NVIDIA Merlin framework designed for recommender workflows
NVIDIA Merlin provides tools to build high-performing recommender systems at scale. Merlin includes libraries, methods, and tools that streamline the building of recommender systems. Merlin components and capabilities are optimized to support the retrieval, filtering, scoring, and ordering of hundreds of terabytes of data, all accessible through APIs. NVIDIA Merlin’s open-source components simplify building and deploying a production-quality recommender system pipeline. Capital One developed a state-of-the-art personalized recommendation architecture powered by the ALBERT Transformer Algorithm and NVIDIA’s Merlin Transformers4Rec that achieves superior performance in providing relevant ads to repeat visitors of the Capital One homepage. Register for NVIDIA GTC to learn more. https://www.nvidia.com/gtc/
Microsoft cloud-based solutions for financial recommender systems
Moving to the Microsoft Azure cloud solution provides financial institutions with a complete set of computing, networking, and storage resources integrated with workload services capable of handling the requirements of recommender algorithm processing. Microsoft Azure allows developers to build and train new AI models faster with automated machine learning, autoscaling cloud compute, and built-in DevOps.

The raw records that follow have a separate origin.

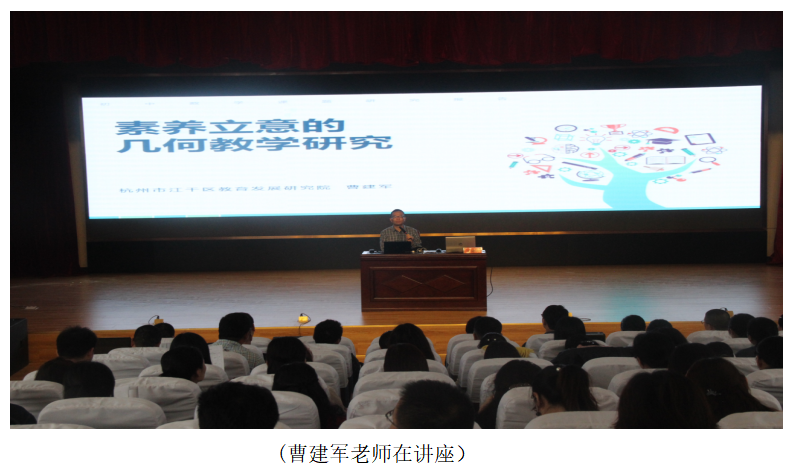 曹老师的课展示了大家风范,他的讲座也格外的引人入胜。23号下午,曹老师以《素养立意的几何教学研究》为主题的讲座,让我们再一次认识到了学科核心素养是育人价值的集中体现,现行的教育已经从教书转变到了育人为主,“为了知识的教育”转化为“通过知识获得教育”。讲座中,曹老师结合一系列的具体实例(如相交线的教学等)阐述了数学教学中要如何落实核心素养,为我们指明了落实核心素养的关键,同时要学会“示以学生思维之道”等观点,曹老师的讲座对我们的实际教学起了很好的引领作用。
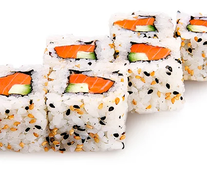 Лосось, авокадо, сир Філадельфія, огірок, тобіко, червона ікра.
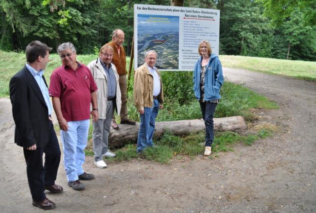 Auf dem Damm in Sachen Hochwasserschutz: Gottfried Trogus, Dr. Frank Siebenbürger, Kerstin Andreae, Lothar Neumann, Karl- Anton Hanagarth und Christoph Mersinger (v.l.n.r.) (Bild: J. W. Steckmeister)
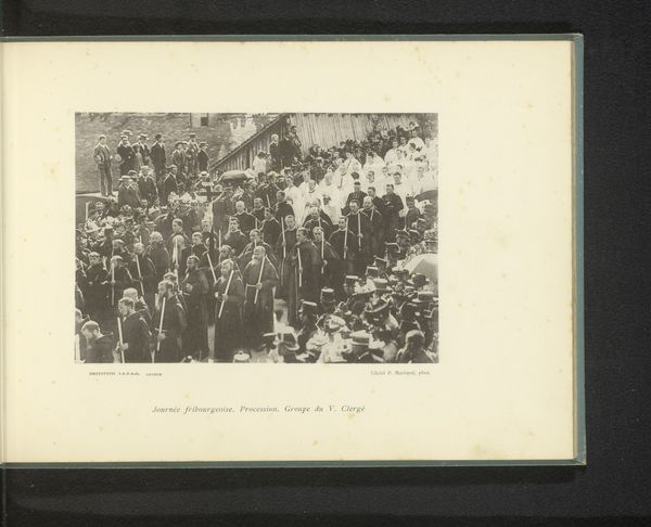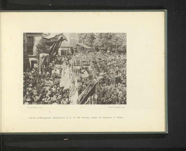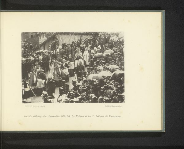 Prosper Macherel captured this image of a procession in Fribourg, likely commemorating the death of Petrus Canisius, sometime between 1861 and 1936. The photograph offers a glimpse into the intricate performance of cultural and religious identity in early 20th-century Switzerland. Notice the women in traditional attire, their clothing is a strong visual statement about regional identity and cultural pride. Religious processions like this one are more than just spiritual acts; they are public assertions of communal identity and shared history. What does it mean to publicly perform one’s identity through traditional dress? The sea of similar outfits may offer a sense of belonging, but it also raises questions about individuality. Consider how the act of photographing the procession further shapes its meaning, immortalizing a specific version of regional and religious identity for posterity. This image becomes part of a larger visual archive, influencing how future generations perceive this community and its traditions.
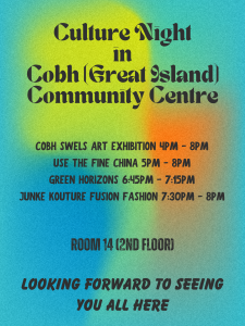 Culture Night here inย @cobhcommunitycentre_ย from 4 – 8pm

To help create and implement recommender algorithms, Microsoft provides a GitHub repository with Python best practice examples to facilitate the building and evaluation of recommendation systems using Azure Machine Learning services.
Financial services organizations are increasingly implementing AI recommender systems to personalize offers of products or services to individual customers. Predictive analysis supported by cloud-based GPU-accelerated AI and ML recommender systems can enhance customer experience and provide a new source of revenue for the organization.
But developing a ML recommender system is time-consuming and complex and requires staff with specialized skills such as data science or programming. Microsoft and NVIDIA provide tools to streamline the process of developing, testing, training, and implementing recommender systems.